Type | Daily newspaper |
---|---|
Format | Tabloid |
Owner(s) | News Corp Australia |
Editor | Paul Whittaker |
Founded | 1879 |
Political alignment | conservative, populist |
Headquarters | 2 Holt Street, Surry Hills, NSW, Australia |
Circulation | 280,731 (Weekdays) 265,711 (Saturday) (as of 2013-14 financial year) |
Readership | 1,191,000 (Weekdays) 909,000 (Saturday) |
Website | www.dailytelegraph.com.au |
The Daily Telegraph is a conservative, Australian tabloid newspaper published in Sydney, New South Wales, by Nationwide News, part of News Corp. The Tele, as it is also known, was founded in 1879.[1] From 1936 to 1972, it was owned by Frank Packer's Australian Consolidated Press. That year it was sold to News Limited (now News Corp Australia). In 1990, it merged with its afternoon sister paper The Daily Mirror to form The Daily Telegraph-Mirror with morning and afternoon editions although the afternoon editions were later discontinued.

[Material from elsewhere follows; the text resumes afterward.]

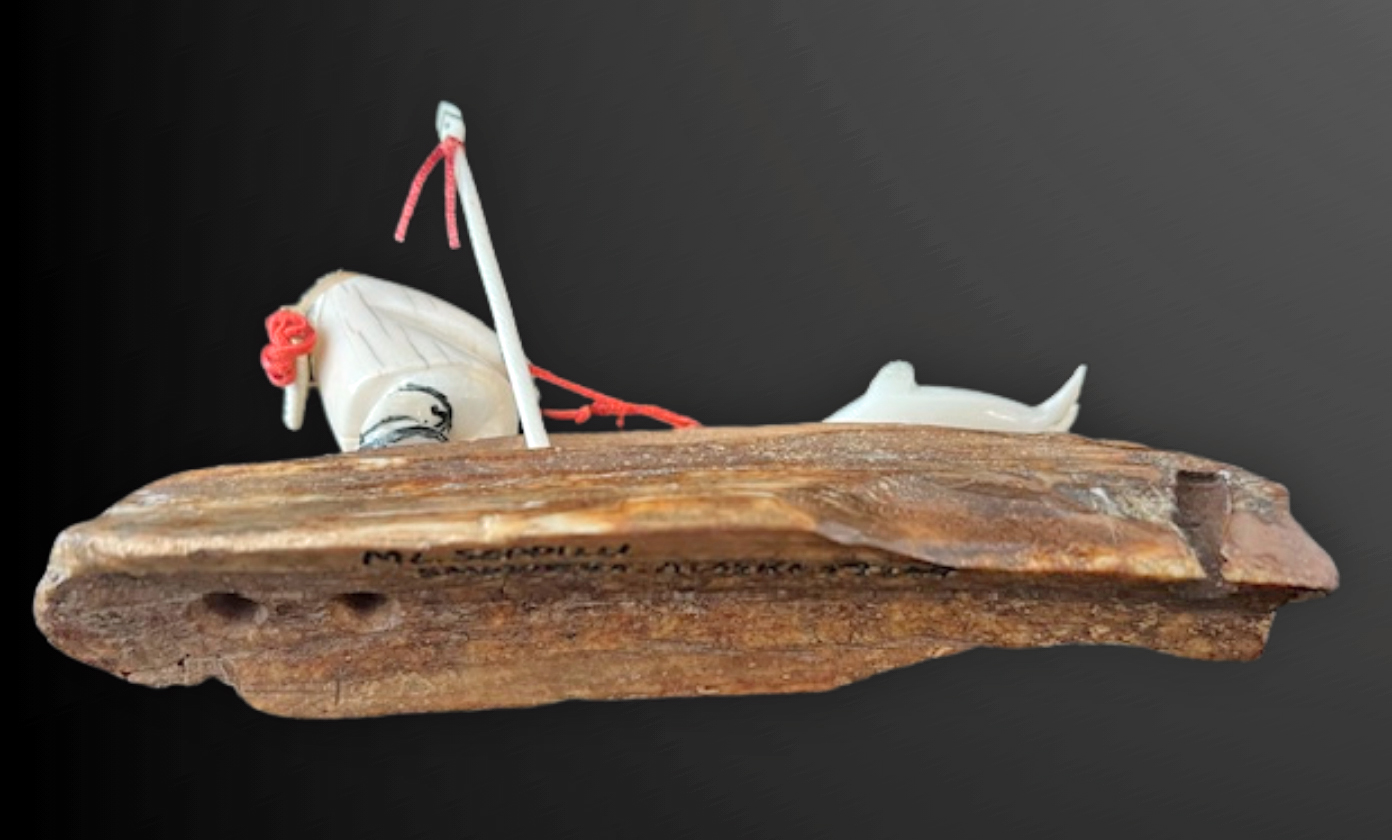 This is a collector's piece and is signed ML Seppiu, Savoonga, Alaska 99769 (the zip code). It would make a fine addition to any Northern Alaska art collection.

The new paper continued in this vein until January 1996 when reader
pressure for a shorter title caused the name of the paper to revert to The Daily Telegraph, despite staff concerns that former Mirror readers would now feel disenfranchised. The circulation of the newspaper during the June quarter 2013 was 310,724 on weekdays,[2] the largest of a Sydney newspaper. In the 2013-14 financial year it decreased 9.65% to 280,731.[3][4]
The Daily Telegraph is published Monday through Saturday and is available across New South Wales, Canberra and South East Queensland. On 19 November 2010, The Daily Telegraph released their iPad application enabling users to view a custom version of the website.[5]